Avant de partir en Irak, le colonel Mc Master, futur très éphémère conseiller du président Trump, avait imposé un stage d’arabe de trois semaines à 10 % de sa brigade et obligé ses cadres à connaître la culture irakienne, en martelant l’absolue nécessité de respecter la population et en insistant sur la patience et la maîtrise de la force. Cela ne s’est pas fait sans difficulté et il a fallu se séparer de plusieurs réticents mais le résultat a été remarquable. La sécurisation de la ville de Tal Afar à la fin de 2005 par une présence permanente à l’intérieur et non dans une base périphérique, en fusionnant avec des forces locales dans de petits postes reste un modèle. Le processus d’évolution américain très fragmenté fonctionne souvent par imitation du succès, celui de Mc Master tranchait avec la spirale violence-distanciation qui dominait alors. Lui-même s’inspirait de ce qu’avait fait le général Petreaus en 2004 dans le nord de l’Irak et il a été imité à son tour par d’autres notamment à Ramadi en 2006, avant d’être généralisé à nouveau par le général Petraeus, nouveau commandant en chef.
 
Le procédé était contre-culturel et même contre-intuitif. Il a fallu prendre initialement plus de risques en vivant au milieu des gens et avec eux et effectivement les pertes américaines du début de 2007 ont été les plus importantes de la guerre. Mais dans le même temps, celles des civils diminuaient très vite. Et puis presque d’un seul coup la situation s’est inversée, la violence et les pertes de tout le monde ont chuté.
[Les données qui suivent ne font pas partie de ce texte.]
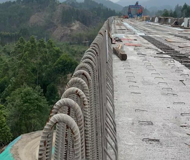 通过对桥梁防撞护栏钢筋整体式预埋和湿接缝防坠网安全防护,大大提升了桥面工人的施工安全系数,同时对护栏钢筋焊接质量有明显提升;并对焊接的搭接钢筋有明显的节约。

Point important, la politique de sécurité s’est accompagnée d’actions sociales et économiques, qui pour une fois ont porté leurs fruits parce qu’il y avait une présence de sécurité. La campagne s’est même portée dans les prisons avec là encore un succès indéniable.
 
Il y a plus d’individus dangereux aux États-Unis que dans beaucoup d’autres nations. On peut se contenter d’essayer de tous les neutraliser. On peut s’interroger aussi sur les raisons de ce nombre élevé et même se demander si la manière dont on les traite ne fait pas partie du problème.